Modelling respectful relationships
Schools are a key location where children and young people learn how to interact with others and work together in a respectful way. Schools that model respectful relationships can help students to understand that no one should be abused and that every person is deserving of respect.
Schools are also an important setting for challenging stereotypes and addressing attitudes and beliefs about gender and power that perpetuate domestic and family violence and abuse. Schools can be the catalyst for generational and cultural change as they are both places of learning (for students) and places of work (for adults). By explicitly examining power relations and challenging problematic social norms and stereotypes we can help lead cultural change in our society.
All organisations in Australia that work with children need to be aware of their obligations to provide safe environments in which children’s rights, needs and interests are met.
In February 2019, the Coalition of Australian Governments (COAG) endorsed the National Principles for Child Safe Organisations that encapsulate the ‘10 Child Safe Standards’ recommended by the Royal Commission into Institutional Responses to Child Sexual Abuse. The Royal Commission found that many organisations in Australia failed to protect children from abuse, failed to listen to children who tried to disclose abuse, and failed to respond appropriately when abuse came to light. The National Principles provide a consistent approach to creating organisational cultures that foster child safety and wellbeing across all sectors. This will help to keep children and young people safe and reduce future harm in organisational settings.
As a teacher working in the field of respectful relationships education, you will need to be particularly aware of child safety and ensure that you put in place preventive strategies to create a safe, protective and inclusive learning environment. Some practical tips and strategies are provided in the sections that follow on this page.
More information on child safe organisations can be found at the Child Safe Organisations site at the Australian Human Rights Commission, visiting the National Office for Child Safety site, or by contacting child protection authorities in your state or territory.
Creating a safe and inclusive environment
An atmosphere of trust and respect needs to be established if students are being encouraged to openly discuss opinions and beliefs. You can help generate purposeful, respectful discussion and minimise uncomfortable or unpleasant experiences for students by:
- establishing and upholding group rules (see below for examples)
- expecting and modelling positive and respectful behaviours
- promoting an environment free from harassment
- demonstrating to all participants that you respect them and care about what happens to them
- affirming diversity in the school and wider community
- respecting students’ right to their own opinions and to remain silent during activities
- providing opportunities for disclosure and referral to support services when requested by students.

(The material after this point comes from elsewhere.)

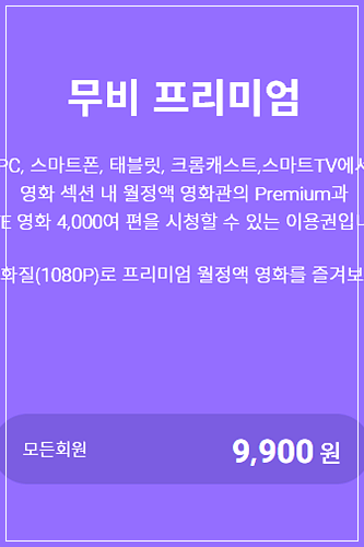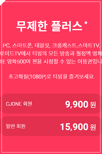 12월 14일까지 기존 이용권을 구매하는 고객은 개편 후 이용권 명칭이 변경되더라도 기존 금액으로 계속 정기 결제가 가능합니다. 가장 고가 요금제인 프리미엄 이용권은 PC 기준 13,900원이지만, 14일까지 CJ ONE 회원 전용 무제한 플러스 9,900원 이용권을 구매하면 프리미엄으로 변경 후에도 계속 4천 원 저렴하게 이용이 가능합니다.

Set ground rules before you start
Before you start any lessons about respectful relationships or domestic and family violence you must establish shared ground rules that all students freely agree to follow. This is crucially important and will ensure that students feel safe contributing to activities, the sessions run smoothly, and interactions are respectful. Some suggested ground rules might include the following.

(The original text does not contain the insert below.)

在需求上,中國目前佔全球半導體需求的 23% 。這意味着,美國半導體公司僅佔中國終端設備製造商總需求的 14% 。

All students have the right to:
- not be asked private questions
- speak without being interrupted
- be listened to
- express their own opinions, ideas and feelings
- their own personal space
- make mistakes without being ridiculed or laughed at.
All students should try to:
- make a positive contribution to the discussion
- support other people
- listen to and respect what others have to say
- ensure that they don’t disclose personal information about themselves or others.
Addressing challenging questions
When facilitating activities about respectful relationships, many types of questions come up and you may find some of them to be challenging. It is important when answering to provide accurate and up-to-date information and be mindful of your personal and professional boundaries. If you choose to answer, you need to be confident that you answer accurately and honestly and try not to be judgmental or express shock. Think of each question as a teachable moment and try and answer from a global perspective that encourages students to think and reflect. It is also okay not to answer if you don’t feel confident in your knowledge, or think the question is better addressed in an alternative setting – such as after class.
The first thing you need to think of is what is this student really asking - what do they really want to know? It is also important to establish if the question is genuine - do they already know the answer or are just raising the issue to be controversial or problematic? If you believe that a question is not genuine, it can be more appropriate to decline to answer or to address the issue in an alternative setting.
Once this has been established you need to ask yourself:
- Do I need to clarify any information that the student has misunderstood?
- Do I need to challenge any gender stereotypes or attitudes that support or condone violence?
- What are the key messages that I need to be giving?
What should you do if you don’t know the answer?
If a student asks you a question and you’re unsure of the correct answer, it is okay to tell the students that you do not know. One way that this could be done is to use a response like this: “That is a really good question. I don’t know the answer but how about we find out together?” Understanding the limits of our knowledge is an important lesson for students to learn, and can be used as a teachable moment to practice information seeking and research skills as a shared activity.
Protective interrupting is a strategy that can be used to prevent students from disclosing sensitive information in front of their peers, while providing them with an alternative avenue to disclose safely and confidentially. It is important when students are discussing scenarios or situations in class that depict disrespectful, abusive or violent behaviour that you closely monitor the conversations so that students who begin to disclose private information about themselves or others can be interrupted quickly and sensitively. Use interjections such as “it sounds as though you want to talk about this, why don’t we talk about it after class?”.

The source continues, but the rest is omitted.